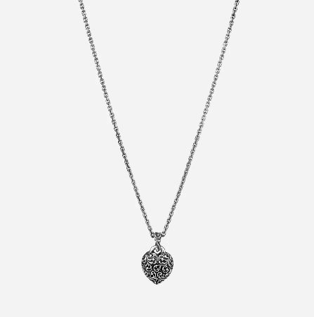Collana Shakti Love in argento brunito inciso a mano con l'antica tecnica del bulino. Cuore damascato in argento brunito con contromaglia intarsiata. Un cuore ricco di dettagli, attenzione e amore.
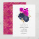 Convite de Chuva de Noiva de Casais Florais Magenta Viva Tendência do Ano 2023 com Acentos de Azul Naval.
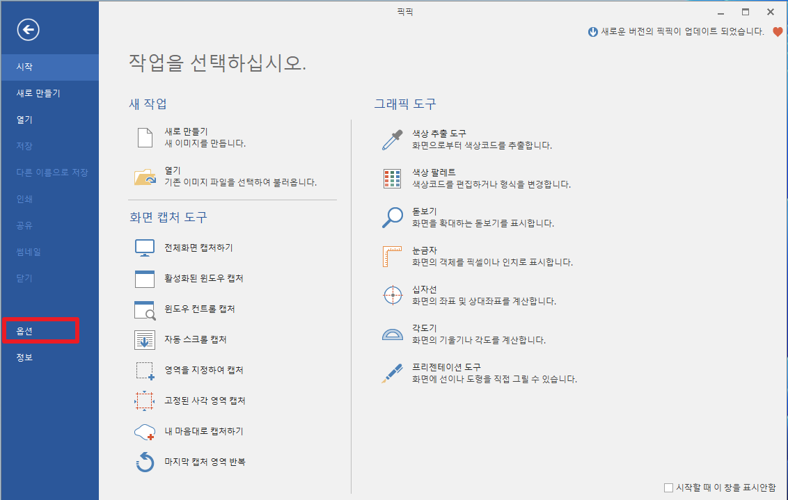 대부분은 다음과 같은 화면에서 시작될 것이라고 생각합니다. 여기에서 좌측에 보이는 [옵션]부분을 클릭하여 주시길 바랍니다.
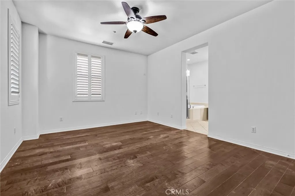 Discover modern living at its finest in this stunning two-story end-unit residence located in the coveted Harbor Station community of Aliso Viejo. Thoughtfully designed and beautifully maintained, this move-in-ready home blends style, functionality, and comfort in every detail. Inside, youll find an inviting open layout featuring soaring ceilings, rich hardwood floors, and custom plantation shutters throughout. The chefs kitchen boasts sleek granite surfaces, stainless appliances, and a center island perfect for preparing meals or gathering with friends. Designer lighting, smooth bullnose wall edges, and refined finishes create a warm and sophisticated ambiance. All three bedrooms are conveniently positioned on the upper level, with the primary suite thoughtfully separated for privacy. The primary bath offers both a soaking tub and a walk-in shower, along with an oversized closet for ample storage. A built-in desk and cabinetry on the landing provide an excellent space for work or study. This home is packed with premium upgrades, including ceiling fans in every bedroom and living area, epoxy flooring in the garage, and a motorized screen that allows fresh air to flow through. Abundant storage options can be found throughout, from extra kitchen cabinetry to an additional linen closet and expanded master closet. Set within a distinctive enclave surrounding a Jack Nicklausdesigned private golf course, this address enjoys proximity to the Aliso Viejo Country Club, Conference Center, and Aquatic Center. With Laguna Beach just four miles away and convenient access to John Wayne A
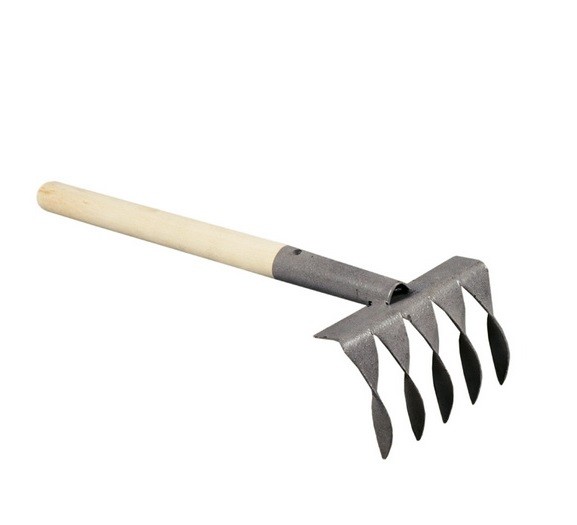 Грабли витые ГВ-5 с деревянным черенком – стандартные грабли с коротким черенком и узким шагом зубьев. Небольшие размеры позволяют эффективно использовать данный инструмент в труднодоступных местах (под кустами, среди густо растущих растений). Грабли витые ГВ-5 изготавливаются из стали окрашенной эмалью или порошковой окраской которая надежно защищает их от ржавления и других возможных повреждений.
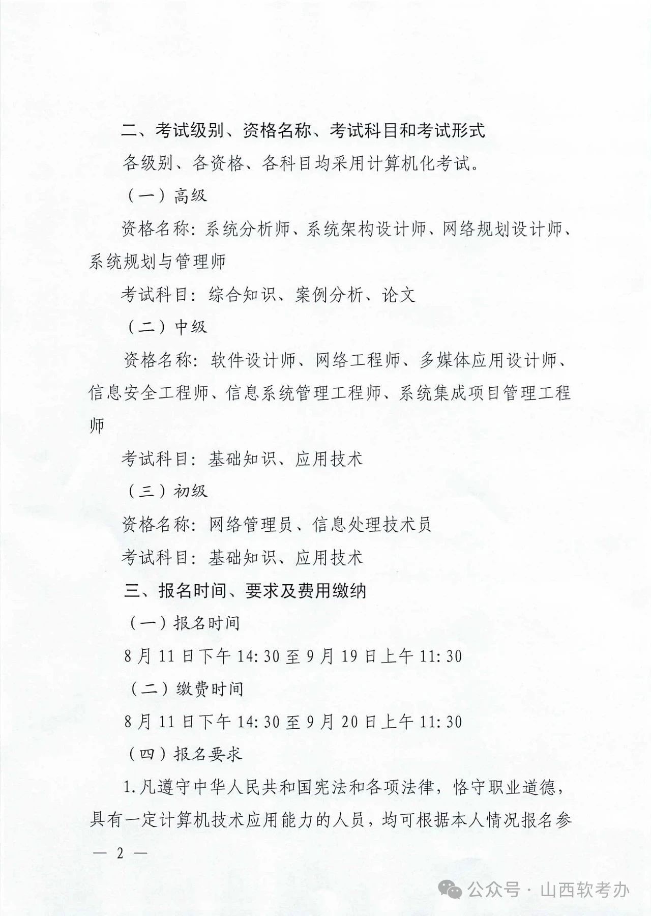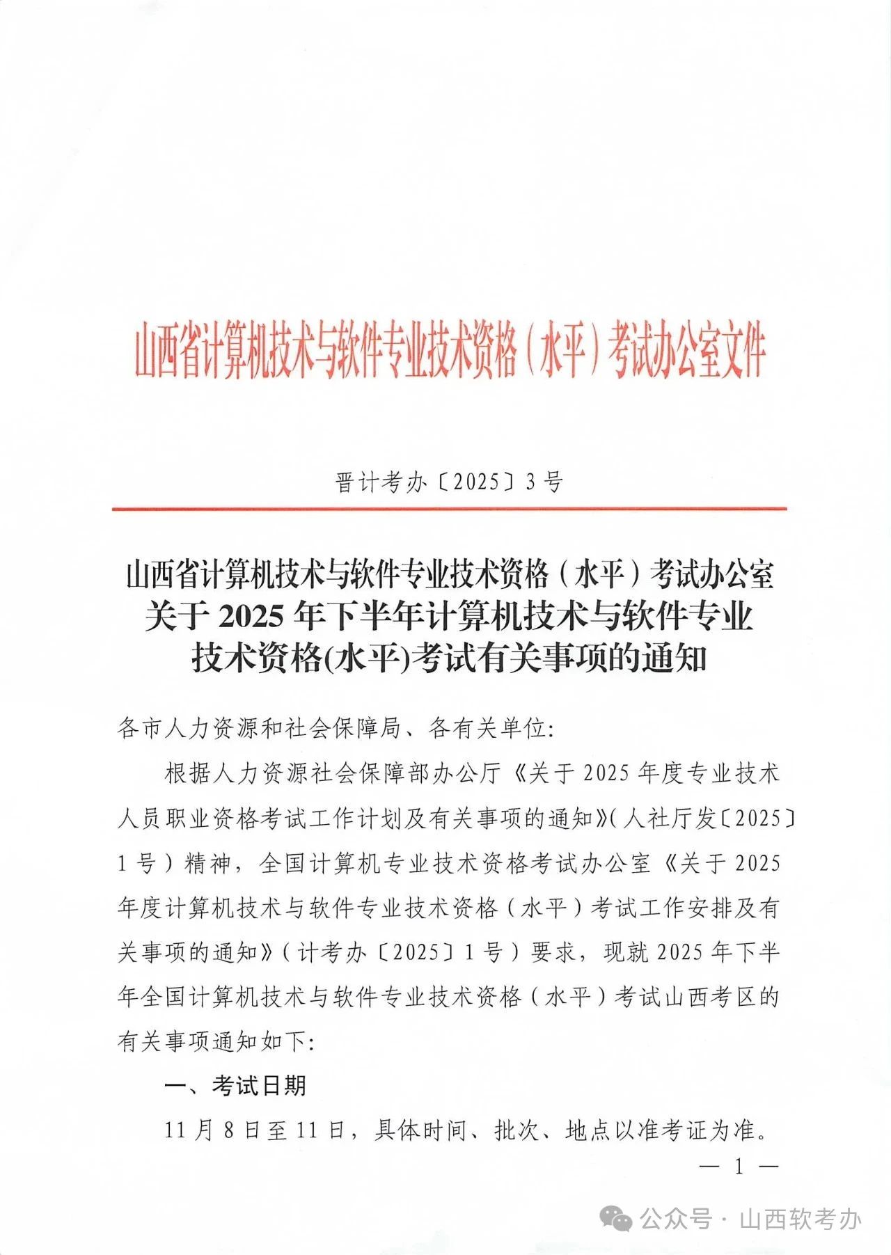 关于山西省2025年下半年计算机软考报名考试时间通知
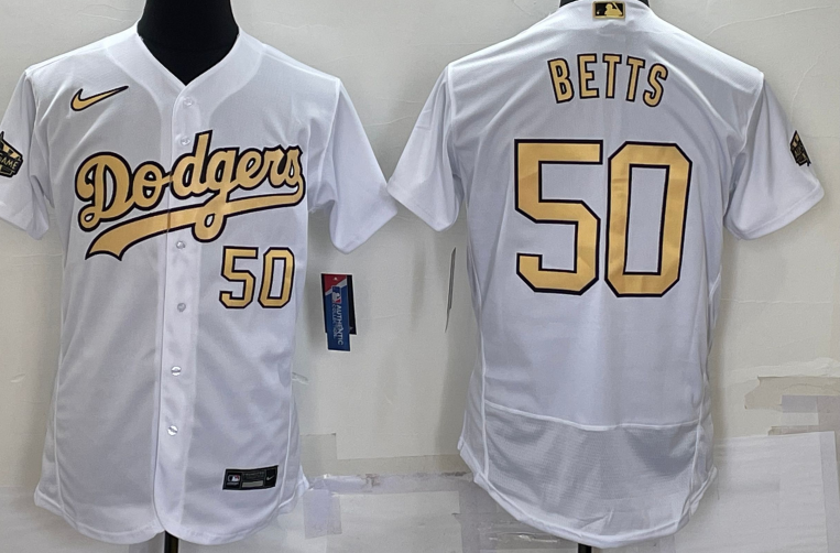 Nike Los Angeles Dodgers #50 Mookie Betts 2022 All Star Flexbase Jersey White
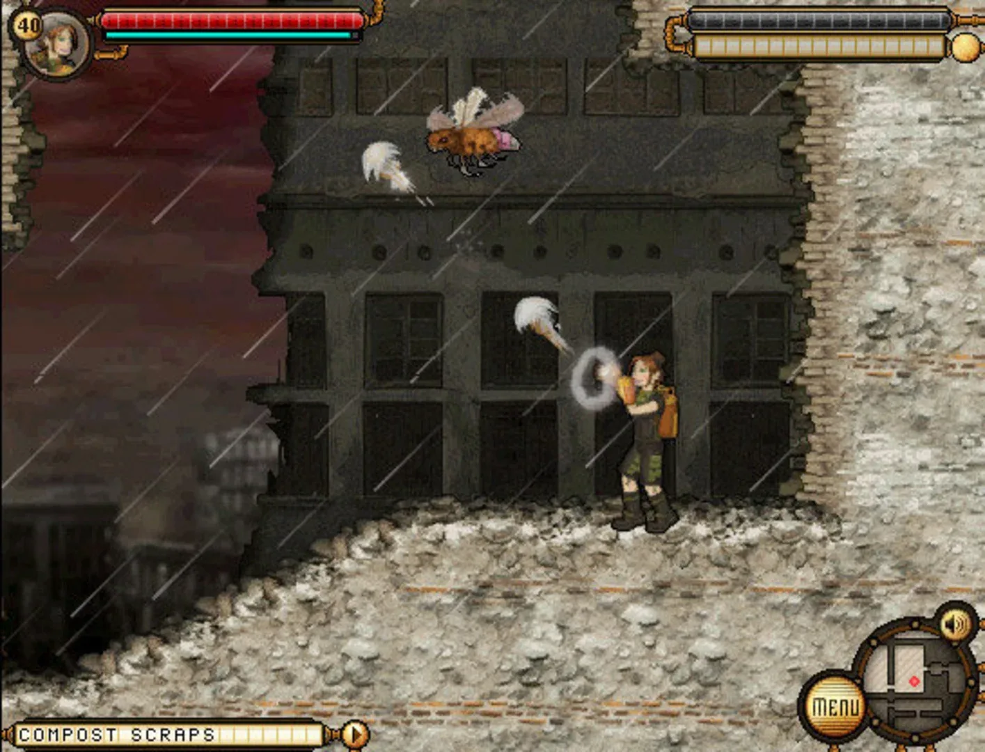 Remnants of Skystone was a 2D side-scrolling platformer in a steampunk post-apocalyptic setting with multiplayer elements. Players could play as one of the three playable classes (Aeronaut, Crag or Ferric), each with different abilities, and travel to different parts of Nidaria or Etherea. Missions and Quests were the main single-player elements and Trailblazing was the main multiplayer element.
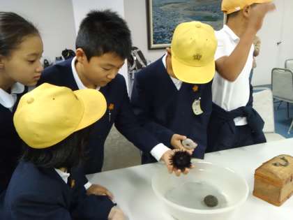 鳥羽水族館の生き物体験教室で生き物たちとふれあいました。
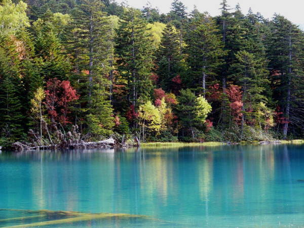 湖に弱酸性の温泉が湧き出していて、その成分が独特の湖水の色を示す原因と言
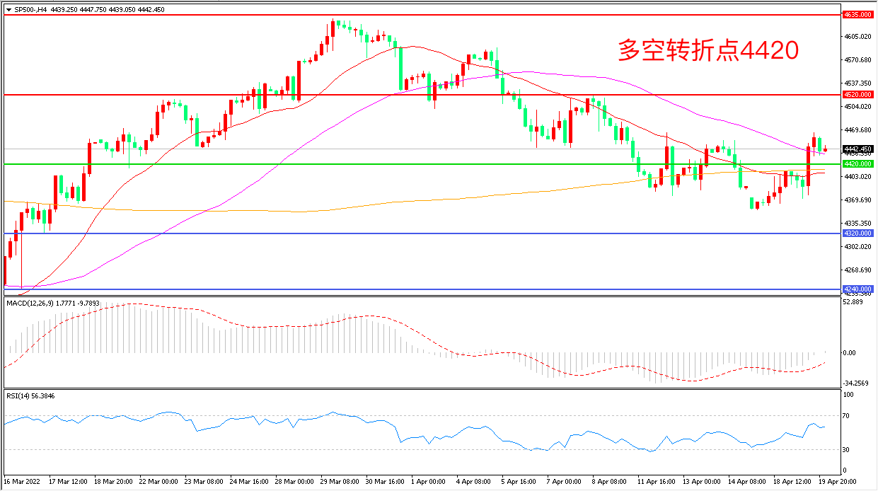 周二(4月19日),圣路易斯联储主席布拉德表示不排除加息多达75个基点之后,投资者重新评估收紧预期,标普500自低位大幅拉升,收报4444.75点。随着对经济衰退的担忧占据上风,投资者正在迅速撤出股票,但风险资产的集体强势将为美股提供一定支撑,多空拉锯之下,标普500宽幅震荡概率较大。
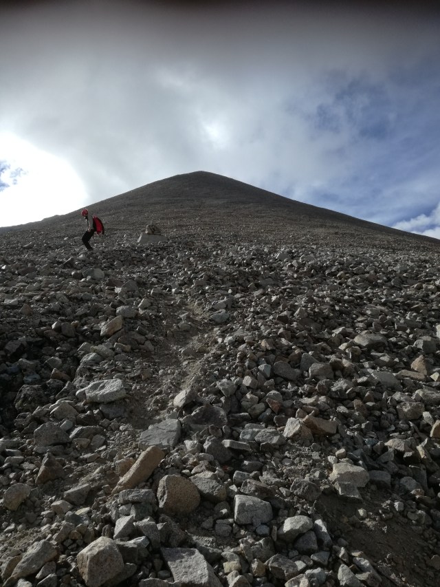 In Tibet en Ladakh kon ik het aan om op 5600m hoogte te lopen. Hier moest ik echter al op 3500m afhaken met ademhalingsproblemen. Chantal heeft de laatste paar honderd meters omhoog over schuivend stenig terrein wel gedaan. Echt stoer hoor! Die steile helling leek me overigens sowieso té uitdagend voor mijn opspelende hoogtevrees.
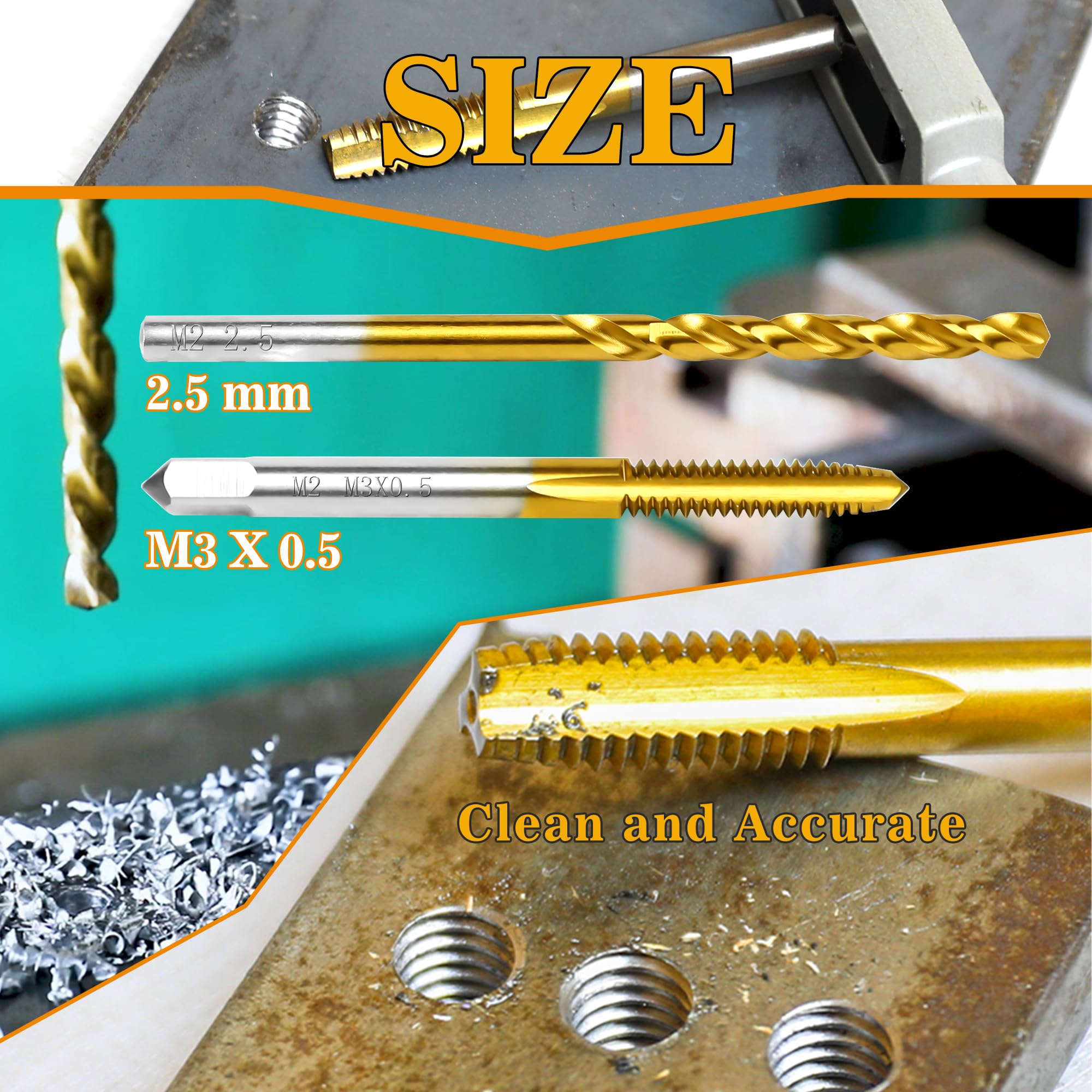 【Top Quality】All the taps and drill bits in our tap tool sets are made of top-grade M2 steel and are titanium-plated to ensure its high hardness, rust proof, sturdy and durable.Fits most drill driver brands on the market. The taps in this set can be driven by hand and machine.
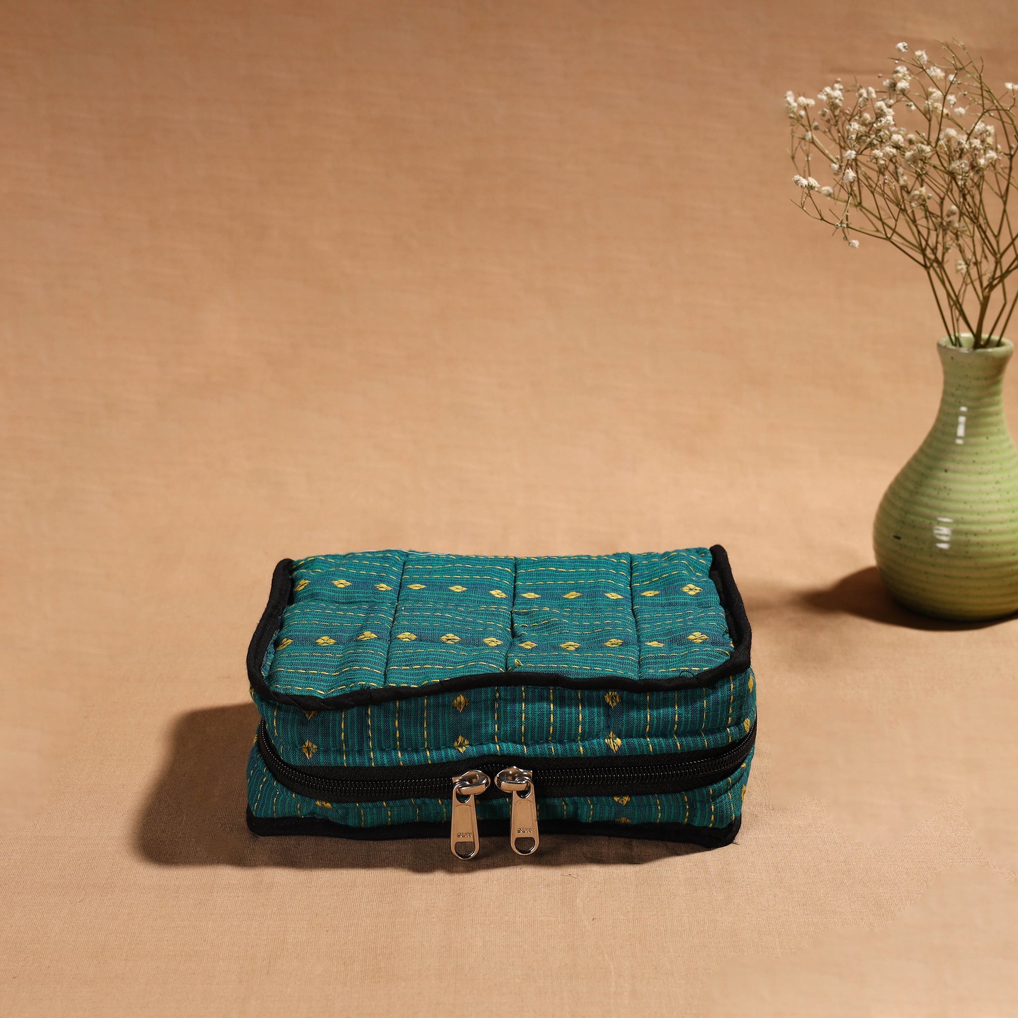 Green handmade 4 pockets cotton jewellery bag, an eco-friendly solution crafted by skilled artisans. This bag offers ample space to organize your precious jewellery, with four spacious pockets and a soft cotton texture.
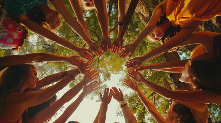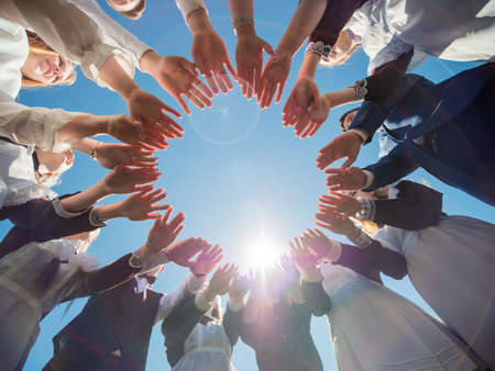 School friends uniting in a circle with their hands, demonstrating teamwork, unity, and friendship under a clear blue sky
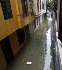 Lục tung các trang báo điện tử của Việt Nam, tôi hoàn toàn không tìm thấy bất kỳ một dòng cảnh báo mưa lũ nào. Dự báo thời tiết hôm trước thì nói là chỉ mưa rải rác, khoảng 20mm thôi. Thế mà đường phố đã ngập mênh mông.
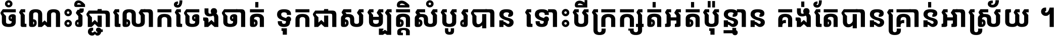 ចំណេះ​វិជ្ជា​លោក​ចែង​ចាត់ ទុក​ជា​សម្បត្តិ​សំបូរ​បាន ទោះ​បី​ក្រក្សត់​អត់​ប៉ុន្មាន គង់​តែ​បាន​គ្រាន់​អាស្រ័យ ។
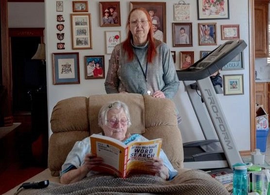 Η ερευνήτρια στο Πανεπιστήμιο της Οκλαχόμα Κιμ Μόσερ, με την ανήμπορη μητέρα της στο σπίτι τους. (The Wall Street Journal)
########################################
▶ **Task to carry out**
Copy out every line of the data exactly, leaving the images behind.

▶ **Task solution**
Collana Shakti Love in argento brunito inciso a mano con l'antica tecnica del bulino. Cuore damascato in argento brunito con contromaglia intarsiata. Un cuore ricco di dettagli, attenzione e amore.
 Convite de Chuva de Noiva de Casais Florais Magenta Viva Tendência do Ano 2023 com Acentos de Azul Naval.
 대부분은 다음과 같은 화면에서 시작될 것이라고 생각합니다. 여기에서 좌측에 보이는 [옵션]부분을 클릭하여 주시길 바랍니다.
 Discover modern living at its finest in this stunning two-story end-unit residence located in the coveted Harbor Station community of Aliso Viejo. Thoughtfully designed and beautifully maintained, this move-in-ready home blends style, functionality, and comfort in every detail. Inside, youll find an inviting open layout featuring soaring ceilings, rich hardwood floors, and custom plantation shutters throughout. The chefs kitchen boasts sleek granite surfaces, stainless appliances, and a center island perfect for preparing meals or gathering with friends. Designer lighting, smooth bullnose wall edges, and refined finishes create a warm and sophisticated ambiance. All three bedrooms are conveniently positioned on the upper level, with the primary suite thoughtfully separated for privacy. The primary bath offers both a soaking tub and a walk-in shower, along with an oversized closet for ample storage. A built-in desk and cabinetry on the landing provide an excellent space for work or study. This home is packed with premium upgrades, including ceiling fans in every bedroom and living area, epoxy flooring in the garage, and a motorized screen that allows fresh air to flow through. Abundant storage options can be found throughout, from extra kitchen cabinetry to an additional linen closet and expanded master closet. Set within a distinctive enclave surrounding a Jack Nicklausdesigned private golf course, this address enjoys proximity to the Aliso Viejo Country Club, Conference Center, and Aquatic Center. With Laguna Beach just four miles away and convenient access to John Wayne A
 Грабли витые ГВ-5 с деревянным черенком – стандартные грабли с коротким черенком и узким шагом зубьев. Небольшие размеры позволяют эффективно использовать данный инструмент в труднодоступных местах (под кустами, среди густо растущих растений). Грабли витые ГВ-5 изготавливаются из стали окрашенной эмалью или порошковой окраской которая надежно защищает их от ржавления и других возможных повреждений.
 关于山西省2025年下半年计算机软考报名考试时间通知
 Nike Los Angeles Dodgers #50 Mookie Betts 2022 All Star Flexbase Jersey White
 Remnants of Skystone was a 2D side-scrolling platformer in a steampunk post-apocalyptic setting with multiplayer elements. Players could play as one of the three playable classes (Aeronaut, Crag or Ferric), each with different abilities, and travel to different parts of Nidaria or Etherea. Missions and Quests were the main single-player elements and Trailblazing was the main multiplayer element.
 鳥羽水族館の生き物体験教室で生き物たちとふれあいました。
 湖に弱酸性の温泉が湧き出していて、その成分が独特の湖水の色を示す原因と言
 周二(4月19日),圣路易斯联储主席布拉德表示不排除加息多达75个基点之后,投资者重新评估收紧预期,标普500自低位大幅拉升,收报4444.75点。随着对经济衰退的担忧占据上风,投资者正在迅速撤出股票,但风险资产的集体强势将为美股提供一定支撑,多空拉锯之下,标普500宽幅震荡概率较大。
 In Tibet en Ladakh kon ik het aan om op 5600m hoogte te lopen. Hier moest ik echter al op 3500m afhaken met ademhalingsproblemen. Chantal heeft de laatste paar honderd meters omhoog over schuivend stenig terrein wel gedaan. Echt stoer hoor! Die steile helling leek me overigens sowieso té uitdagend voor mijn opspelende hoogtevrees.
 【Top Quality】All the taps and drill bits in our tap tool sets are made of top-grade M2 steel and are titanium-plated to ensure its high hardness, rust proof, sturdy and durable.Fits most drill driver brands on the market. The taps in this set can be driven by hand and machine.
 Green handmade 4 pockets cotton jewellery bag, an eco-friendly solution crafted by skilled artisans. This bag offers ample space to organize your precious jewellery, with four spacious pockets and a soft cotton texture.
 School friends uniting in a circle with their hands, demonstrating teamwork, unity, and friendship under a clear blue sky
 Lục tung các trang báo điện tử của Việt Nam, tôi hoàn toàn không tìm thấy bất kỳ một dòng cảnh báo mưa lũ nào. Dự báo thời tiết hôm trước thì nói là chỉ mưa rải rác, khoảng 20mm thôi. Thế mà đường phố đã ngập mênh mông.
 ចំណេះ​វិជ្ជា​លោក​ចែង​ចាត់ ទុក​ជា​សម្បត្តិ​សំបូរ​បាន ទោះ​បី​ក្រក្សត់​អត់​ប៉ុន្មាន គង់​តែ​បាន​គ្រាន់​អាស្រ័យ ។
 Η ερευνήτρια στο Πανεπιστήμιο της Οκλαχόμα Κιμ Μόσερ, με την ανήμπορη μητέρα της στο σπίτι τους. (The Wall Street Journal)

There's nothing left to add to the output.